** Opening DATA RECORDS block **
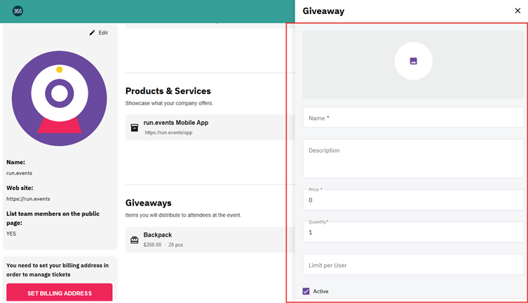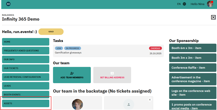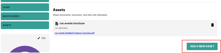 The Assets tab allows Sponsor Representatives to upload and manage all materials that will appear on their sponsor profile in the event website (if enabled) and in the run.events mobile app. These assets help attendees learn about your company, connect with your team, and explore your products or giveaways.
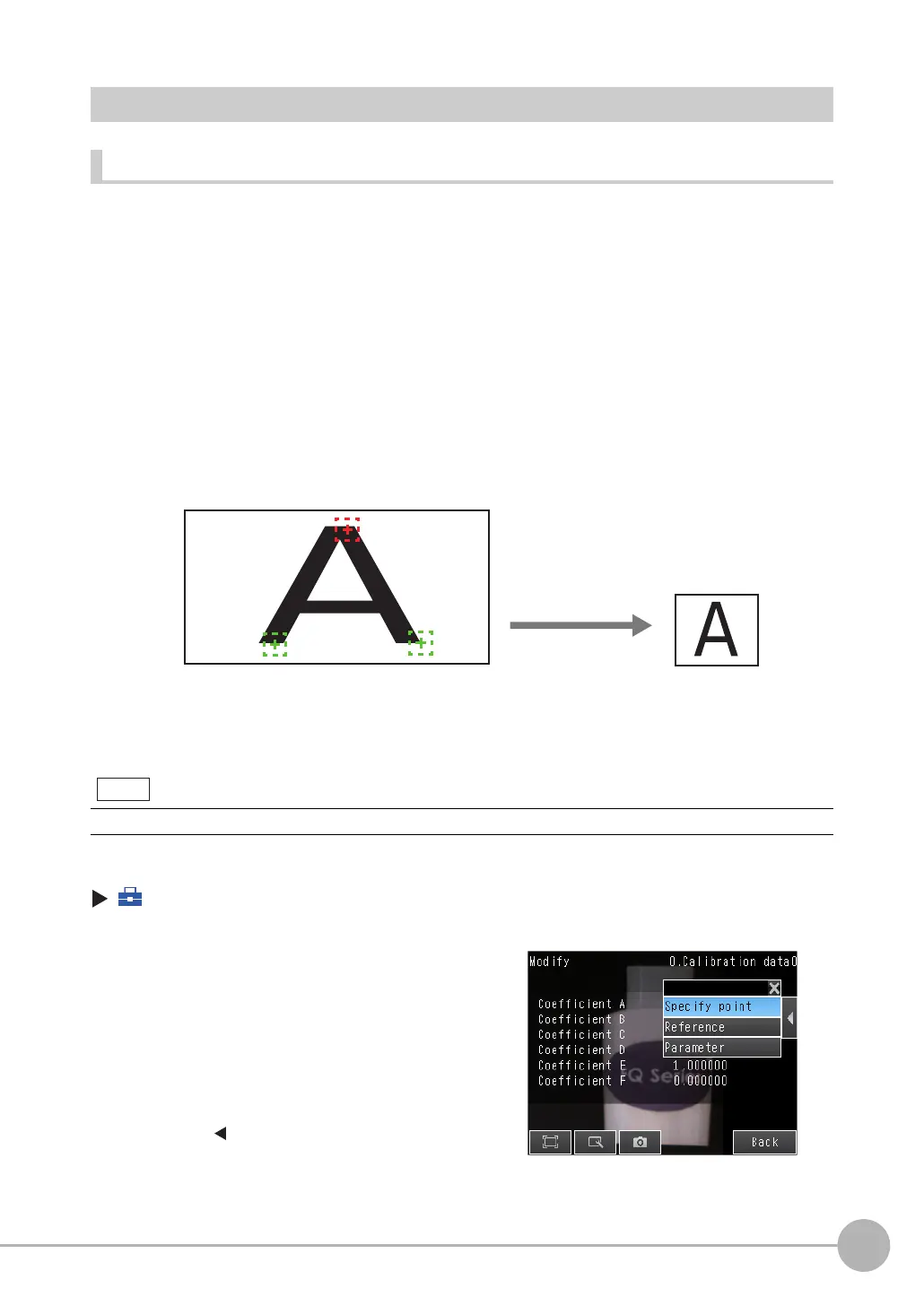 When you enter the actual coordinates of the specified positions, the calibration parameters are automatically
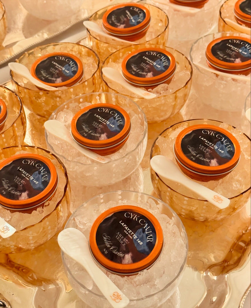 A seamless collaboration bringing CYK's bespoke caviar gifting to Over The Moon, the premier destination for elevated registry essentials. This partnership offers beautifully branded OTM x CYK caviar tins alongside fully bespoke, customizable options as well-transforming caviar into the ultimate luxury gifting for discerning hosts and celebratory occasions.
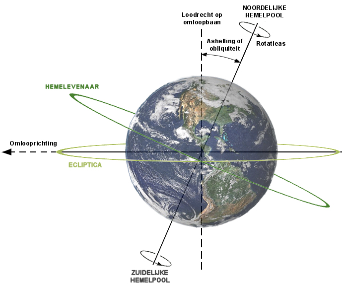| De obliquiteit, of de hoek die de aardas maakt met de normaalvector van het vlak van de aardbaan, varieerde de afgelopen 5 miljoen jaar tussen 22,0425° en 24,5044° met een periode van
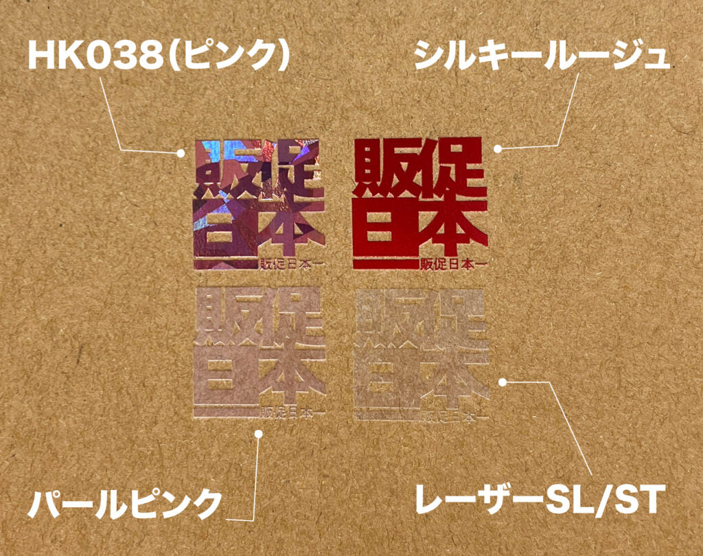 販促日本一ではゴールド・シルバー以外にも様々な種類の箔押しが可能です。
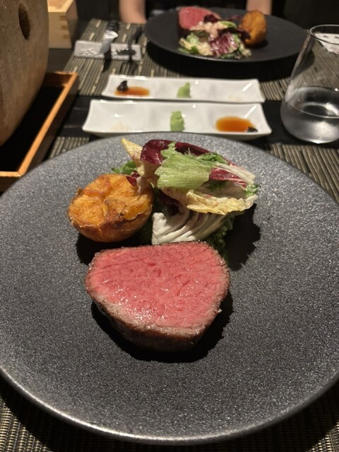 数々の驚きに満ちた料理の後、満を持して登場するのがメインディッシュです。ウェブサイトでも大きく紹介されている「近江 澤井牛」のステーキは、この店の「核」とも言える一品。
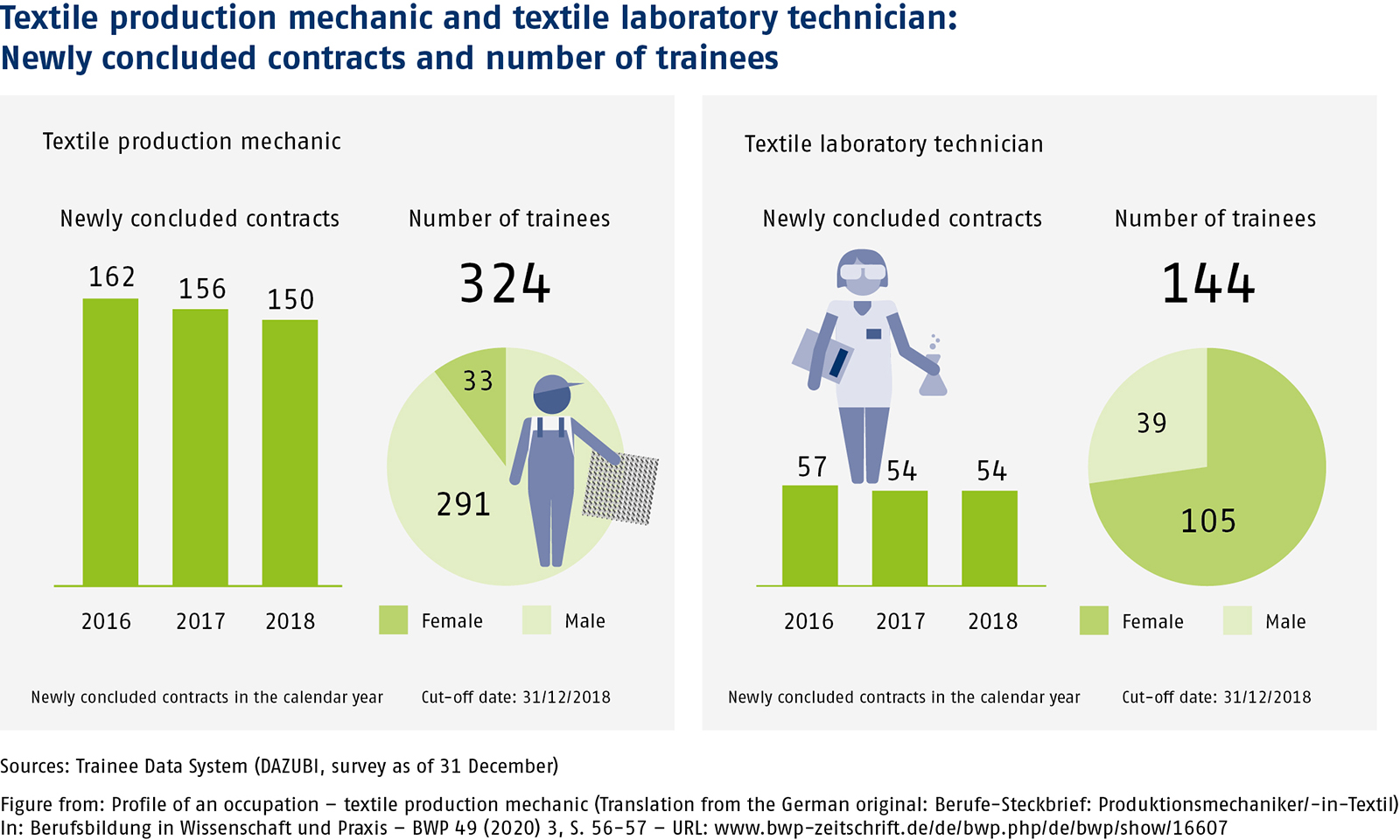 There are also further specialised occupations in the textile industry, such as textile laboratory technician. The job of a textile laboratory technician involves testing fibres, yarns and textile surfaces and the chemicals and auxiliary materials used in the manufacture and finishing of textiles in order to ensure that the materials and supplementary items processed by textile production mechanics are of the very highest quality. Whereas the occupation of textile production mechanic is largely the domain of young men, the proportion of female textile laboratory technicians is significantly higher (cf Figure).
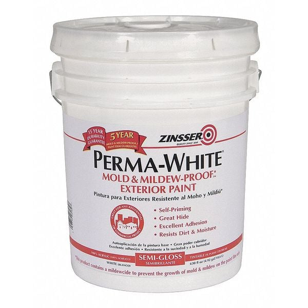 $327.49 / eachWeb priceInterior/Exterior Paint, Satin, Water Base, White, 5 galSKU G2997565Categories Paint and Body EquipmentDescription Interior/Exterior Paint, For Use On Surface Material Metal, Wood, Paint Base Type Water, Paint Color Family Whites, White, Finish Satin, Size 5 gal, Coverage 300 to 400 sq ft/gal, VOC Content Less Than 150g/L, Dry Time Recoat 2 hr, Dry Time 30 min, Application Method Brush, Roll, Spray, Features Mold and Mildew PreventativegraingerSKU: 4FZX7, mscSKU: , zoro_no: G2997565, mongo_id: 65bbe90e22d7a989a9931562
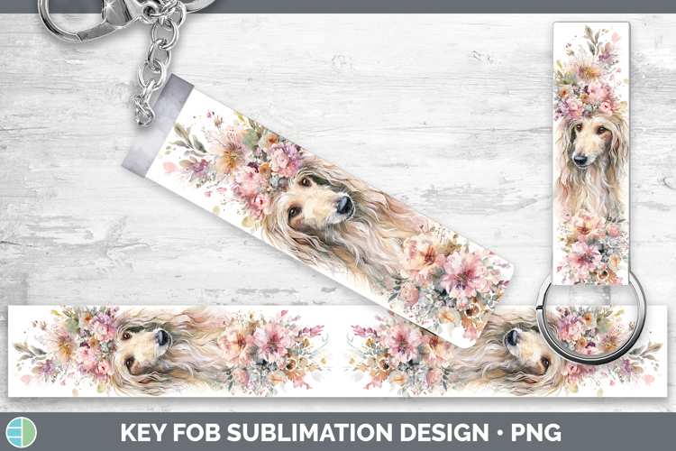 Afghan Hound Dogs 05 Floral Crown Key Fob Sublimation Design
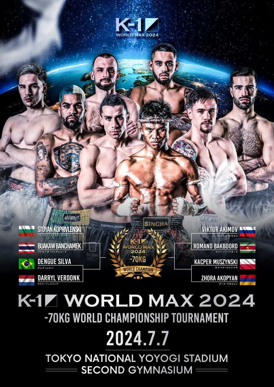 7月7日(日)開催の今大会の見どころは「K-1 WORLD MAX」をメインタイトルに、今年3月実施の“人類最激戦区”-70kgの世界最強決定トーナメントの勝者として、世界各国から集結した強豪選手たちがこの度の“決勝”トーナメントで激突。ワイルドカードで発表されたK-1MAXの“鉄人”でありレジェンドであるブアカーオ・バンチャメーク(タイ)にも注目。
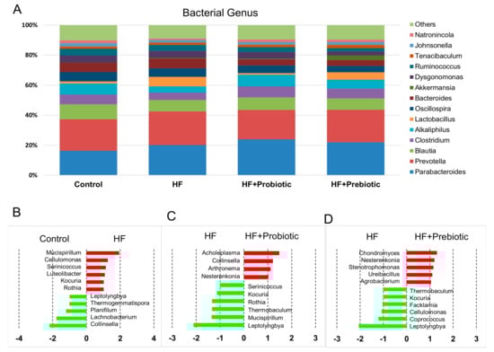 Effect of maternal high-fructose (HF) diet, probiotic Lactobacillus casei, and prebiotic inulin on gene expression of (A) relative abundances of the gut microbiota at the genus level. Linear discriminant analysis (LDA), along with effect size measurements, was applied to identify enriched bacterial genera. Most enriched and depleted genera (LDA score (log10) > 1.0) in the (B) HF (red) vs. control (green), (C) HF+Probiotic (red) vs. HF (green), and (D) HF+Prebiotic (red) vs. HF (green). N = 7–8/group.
** Closing DATA RECORDS block **
* **HOW TO COMPLETE THIS TASK**: Only the lines from the start of the records to the line with "There are also" belong in the copy. Print them exactly, minus pictures.

* **RESULT BELOW**:
 The Assets tab allows Sponsor Representatives to upload and manage all materials that will appear on their sponsor profile in the event website (if enabled) and in the run.events mobile app. These assets help attendees learn about your company, connect with your team, and explore your products or giveaways.
 When you enter the actual coordinates of the specified positions, the calibration parameters are automatically
 A seamless collaboration bringing CYK's bespoke caviar gifting to Over The Moon, the premier destination for elevated registry essentials. This partnership offers beautifully branded OTM x CYK caviar tins alongside fully bespoke, customizable options as well-transforming caviar into the ultimate luxury gifting for discerning hosts and celebratory occasions.
| De obliquiteit, of de hoek die de aardas maakt met de normaalvector van het vlak van de aardbaan, varieerde de afgelopen 5 miljoen jaar tussen 22,0425° en 24,5044° met een periode van
 販促日本一ではゴールド・シルバー以外にも様々な種類の箔押しが可能です。
 数々の驚きに満ちた料理の後、満を持して登場するのがメインディッシュです。ウェブサイトでも大きく紹介されている「近江 澤井牛」のステーキは、この店の「核」とも言える一品。
 There are also further specialised occupations in the textile industry, such as textile laboratory technician. The job of a textile laboratory technician involves testing fibres, yarns and textile surfaces and the chemicals and auxiliary materials used in the manufacture and finishing of textiles in order to ensure that the materials and supplementary items processed by textile production mechanics are of the very highest quality. Whereas the occupation of textile production mechanic is largely the domain of young men, the proportion of female textile laboratory technicians is significantly higher (cf Figure).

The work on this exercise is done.